Somalia's Western-backed president has announced the sacking of his prime minister a day after the two top officials quarreled over long-delayed elections in the restive Horn of Africa country.
"The president decided to suspend Prime Minister Mohamed Hussein Roble and stop his powers since he was linked with corruption," the office of President Mohamed Abdullahi Mohamed announced in a statement on Monday, while accusing the premier of obstructing a probe into a land grabbing case.
Relations between the president -- better known as Farmajo -- and Roble have long remained tense, with the latest row raising new fears about Somalia’s stability as the nation strives to hold fresh parliamentary elections.
The development followed Roble’s move on Sunday to accuse the president of disrupting electoral processes after Farmajo withdrew the prime minister's mandate to organize the next polls and called for the establishment of a new committee to "correct" the shortcomings.
Roble, who has not yet reacted to the announcement, alleged that Farmajo had no desire to hold "a credible election in this country."
Tensions in Somalia first escalated in February when Farmajo’s term expired before elections and he extended his term by two years, drawing the wrath of opposition forces within the government as well as the country’s armed militia, which led to clashes in the streets of Mogadishu.
The constitutional crisis was only defused when the president reversed the term extension and Roble brokered a timetable to a vote.
In the months since, however, a bitter rivalry between the two men has derailed the electoral processes again, straining ties with Western allies who expect the process to finish “peacefully.”
Farmajo and Roble only agreed to an apparent truce in October and issued a unified call for the election process to accelerate.

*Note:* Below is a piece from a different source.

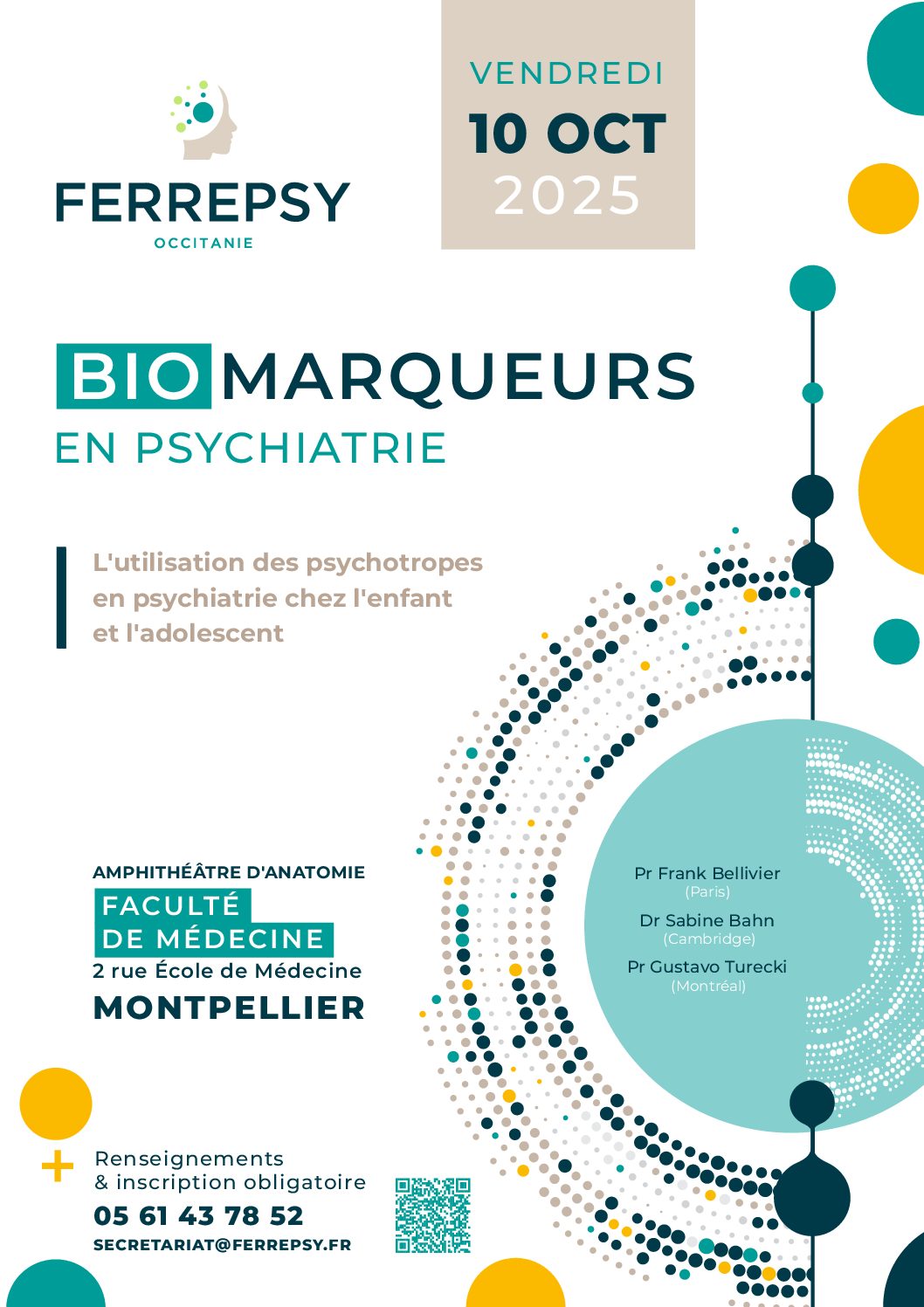Bio marqueurs en psychiatrie – 10 octobre 2025 (Faculté de médecine de Montpellier) – Affiche | © FERREPSY Occitanie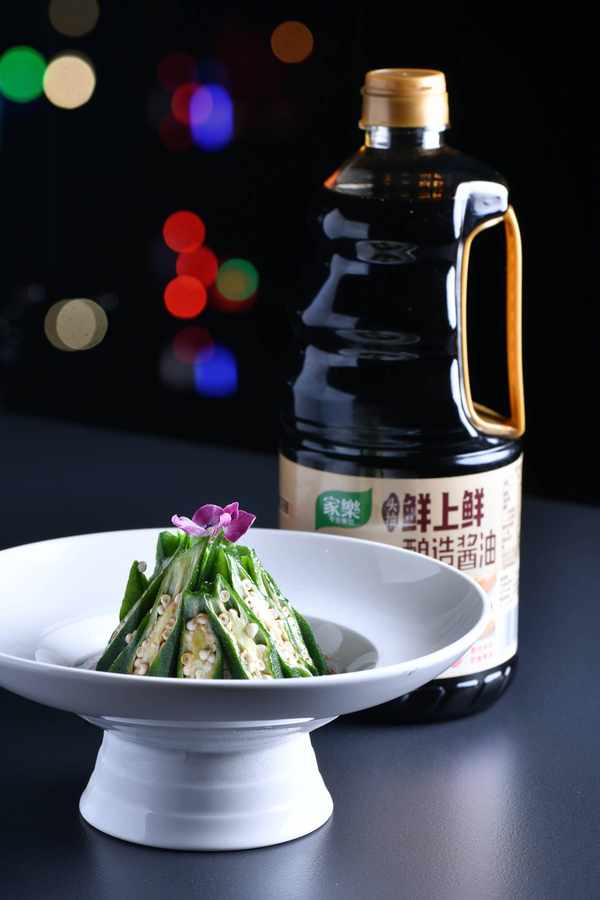 除瞭創新熱菜,市府店的創意涼菜也廣受好評。撈汁芥末秋葵,選用優質嫩秋葵,焯水後呈現碧綠鮮色,冰鎮保持脆爽口感,改刀後,淋入用傢樂頭抽鮮上鮮、辣鮮露、芥辣調制成的汁,出品速度快,味道濃鬱爽口,一天可以賣出好幾十份。

Polls for the upper house have concluded in all states and voting for the lower house began in early November.
The development comes just two months after the United Nations raised serious concerns about humanitarian issues in central Somalia following the displacement of 100,000 people in fighting between pro-government and opposition militia forces.
"We are concerned, even alarmed, by the ongoing fighting in Guricel, which is now continuing for the past few days," UN special representative for Somalia James Swan declared in a press briefing in late October.
The UN Office for the Coordination of Humanitarian Affairs (UNOCHA) has estimated that the number of internally displaced people in Somalia was 2.9 million. By 2022, it predicted, around 7.7 million Somalis will require humanitarian aid, as decades of conflict, recurrent climate shocks, disease outbreaks and increasing poverty are devastating the Horn of Africa country.
This is while the notorious al-Shabab militants continue to wage gun and bomb attacks against both civilian and military targets, including at busy traffic intersections, hotels, and military bases.
In their latest attack on November 25, at least eight people were killed and more than a dozen others wounded in a car bombing near a school in Somalia’s capital of Mogadishu.
The al-Shabab group has been fighting Somalia’s central government for more than a decade. It also aims to drive out African Union peacekeeping troops. Despite being ousted from large parts of south and central Somalia, the group has continued launching deadly attacks across the country, which has been ravaged by decades of war and poverty.
The terrorist group has also fought the successive Somali governments as well as neighboring governments in Uganda and Kenya, with latter sending troops to Somalia in 2011 to fight the group as part of the African Union forces.
Somalia has been battling instability and violence since 1991, when a military government was overthrown.